*PROBLEM DETAILS*.
An exact copy of the lines of the listing below between the "U kunt prettig" line and the "12月9日下午,马克思主义学" line, both included, is the whole answer; please omit the pictures.

━━ INFORMATION GIVEN ━━

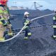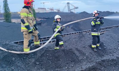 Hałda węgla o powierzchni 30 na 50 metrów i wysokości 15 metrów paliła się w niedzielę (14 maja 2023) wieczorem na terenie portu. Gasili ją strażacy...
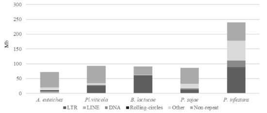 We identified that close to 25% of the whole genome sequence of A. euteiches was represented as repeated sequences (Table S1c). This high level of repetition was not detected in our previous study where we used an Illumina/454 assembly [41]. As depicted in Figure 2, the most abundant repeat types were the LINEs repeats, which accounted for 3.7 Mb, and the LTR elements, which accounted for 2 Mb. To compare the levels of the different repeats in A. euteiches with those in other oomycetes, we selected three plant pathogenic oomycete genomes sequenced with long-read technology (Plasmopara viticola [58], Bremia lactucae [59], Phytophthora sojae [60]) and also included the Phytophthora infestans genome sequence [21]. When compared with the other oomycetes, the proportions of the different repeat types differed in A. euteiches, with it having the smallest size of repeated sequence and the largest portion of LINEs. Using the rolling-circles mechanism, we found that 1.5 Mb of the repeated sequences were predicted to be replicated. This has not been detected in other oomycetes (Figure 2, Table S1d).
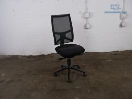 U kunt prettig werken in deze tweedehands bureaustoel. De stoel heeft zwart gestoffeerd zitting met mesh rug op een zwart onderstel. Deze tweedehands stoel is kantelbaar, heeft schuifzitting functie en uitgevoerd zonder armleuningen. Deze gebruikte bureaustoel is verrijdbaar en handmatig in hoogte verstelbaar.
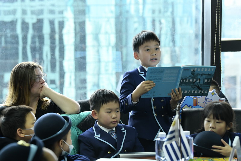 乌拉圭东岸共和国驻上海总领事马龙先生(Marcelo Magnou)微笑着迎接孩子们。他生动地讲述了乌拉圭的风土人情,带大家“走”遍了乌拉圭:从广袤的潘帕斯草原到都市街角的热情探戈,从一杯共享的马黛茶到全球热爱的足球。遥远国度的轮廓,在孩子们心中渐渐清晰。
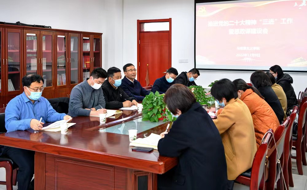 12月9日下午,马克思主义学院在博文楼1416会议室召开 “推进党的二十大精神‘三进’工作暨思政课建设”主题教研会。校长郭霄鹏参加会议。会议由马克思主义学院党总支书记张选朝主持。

━━━
━━ INFORMATION GIVEN ━━

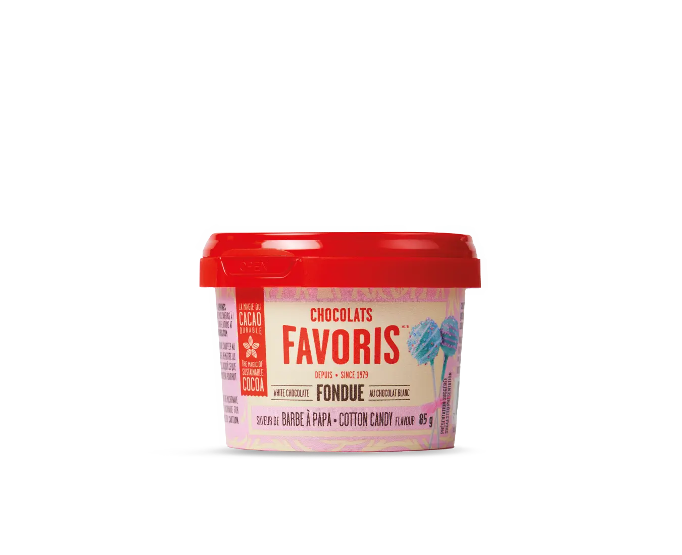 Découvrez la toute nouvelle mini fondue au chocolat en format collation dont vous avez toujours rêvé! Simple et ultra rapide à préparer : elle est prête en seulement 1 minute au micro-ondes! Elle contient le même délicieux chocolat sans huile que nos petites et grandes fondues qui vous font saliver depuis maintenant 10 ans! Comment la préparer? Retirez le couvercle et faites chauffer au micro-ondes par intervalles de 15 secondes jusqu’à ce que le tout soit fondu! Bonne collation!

━━━
━━ INFORMATION GIVEN ━━

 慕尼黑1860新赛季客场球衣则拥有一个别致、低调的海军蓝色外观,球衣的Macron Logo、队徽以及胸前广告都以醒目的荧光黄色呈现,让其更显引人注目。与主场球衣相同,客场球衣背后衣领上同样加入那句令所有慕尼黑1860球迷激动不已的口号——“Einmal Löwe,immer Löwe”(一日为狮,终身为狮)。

━━━

*COMPLETED TASK*.
 U kunt prettig werken in deze tweedehands bureaustoel. De stoel heeft zwart gestoffeerd zitting met mesh rug op een zwart onderstel. Deze tweedehands stoel is kantelbaar, heeft schuifzitting functie en uitgevoerd zonder armleuningen. Deze gebruikte bureaustoel is verrijdbaar en handmatig in hoogte verstelbaar.
 乌拉圭东岸共和国驻上海总领事马龙先生(Marcelo Magnou)微笑着迎接孩子们。他生动地讲述了乌拉圭的风土人情,带大家“走”遍了乌拉圭:从广袤的潘帕斯草原到都市街角的热情探戈,从一杯共享的马黛茶到全球热爱的足球。遥远国度的轮廓,在孩子们心中渐渐清晰。
 12月9日下午,马克思主义学院在博文楼1416会议室召开 “推进党的二十大精神‘三进’工作暨思政课建设”主题教研会。校长郭霄鹏参加会议。会议由马克思主义学院党总支书记张选朝主持。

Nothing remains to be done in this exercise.